EXERCISE PROMPT:
Begin at the line below that holds "这个就是生蚝啦,像一块块疙疙" and end at the line that holds "自熱刺上次贏得獎杯以來,我們已經(jīng)售出了78427391個披薩~", transcribing each line exactly and skipping any picture.

DATA FOR THE TASK:
┌──
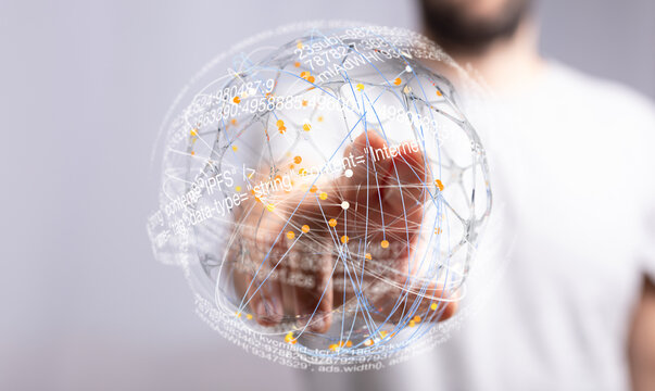 Abstract image of a person interacting with a digital globe filled with data and code.
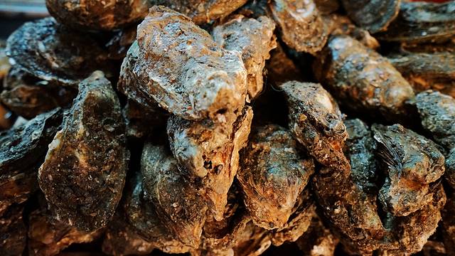 这个就是生蚝啦,像一块块疙疙瘩瘩的石头,没有烧烤的时候露出肉嘟嘟的样子那么好看。不过虽然长得难看,但是里面的肉质特别鲜美,在北京的时候也经常吃碳烤生蚝,这么大的差不多要8-10元一个,但绝对没有这么新鲜。
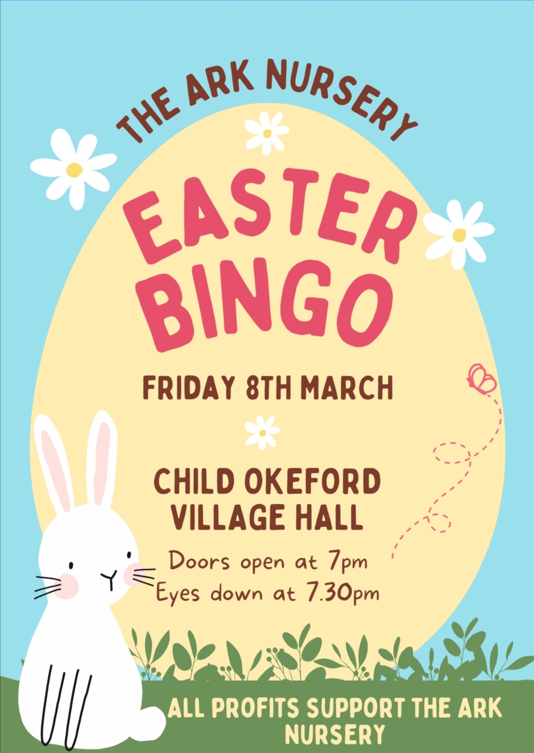 Easter Bingo Supporting the Ark Nursery Child Okeford Doors open 7pm Eyes Down 7:30pm
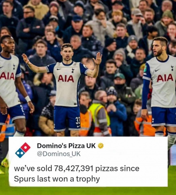 自熱刺上次贏得獎杯以來,我們已經(jīng)售出了78427391個披薩~
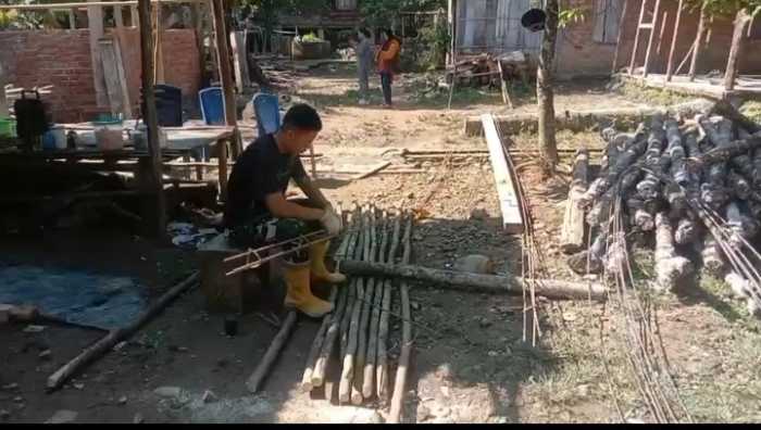 Salah satu anggota Satuan Tugas (Satgas) TNI Manunggal Membangun Desa (TMMD) ke-128 dari Kodim 0405 Lahat, tengah merangkai batangan besi sebagai bagian dari proses pembangunan infrastruktur di wilayah sasaran.
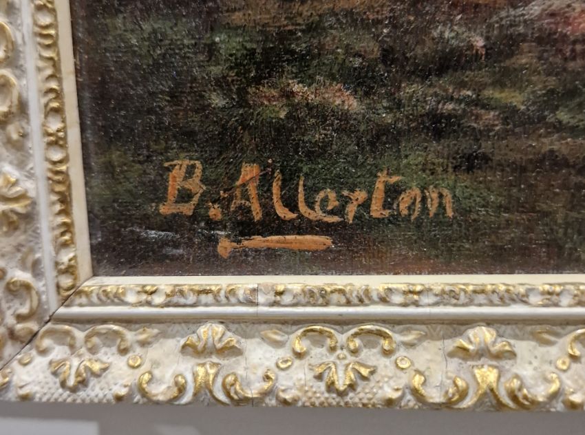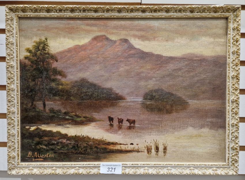 B Allerton Oil on board Cattle standing in water at lake shoreline at sunset, mountain in distance, signed lower left, 24.5cm x 34.5cm
└──
ANSWER SECTION:
 这个就是生蚝啦,像一块块疙疙瘩瘩的石头,没有烧烤的时候露出肉嘟嘟的样子那么好看。不过虽然长得难看,但是里面的肉质特别鲜美,在北京的时候也经常吃碳烤生蚝,这么大的差不多要8-10元一个,但绝对没有这么新鲜。
 Easter Bingo Supporting the Ark Nursery Child Okeford Doors open 7pm Eyes Down 7:30pm
 自熱刺上次贏得獎杯以來,我們已經(jīng)售出了78427391個披薩~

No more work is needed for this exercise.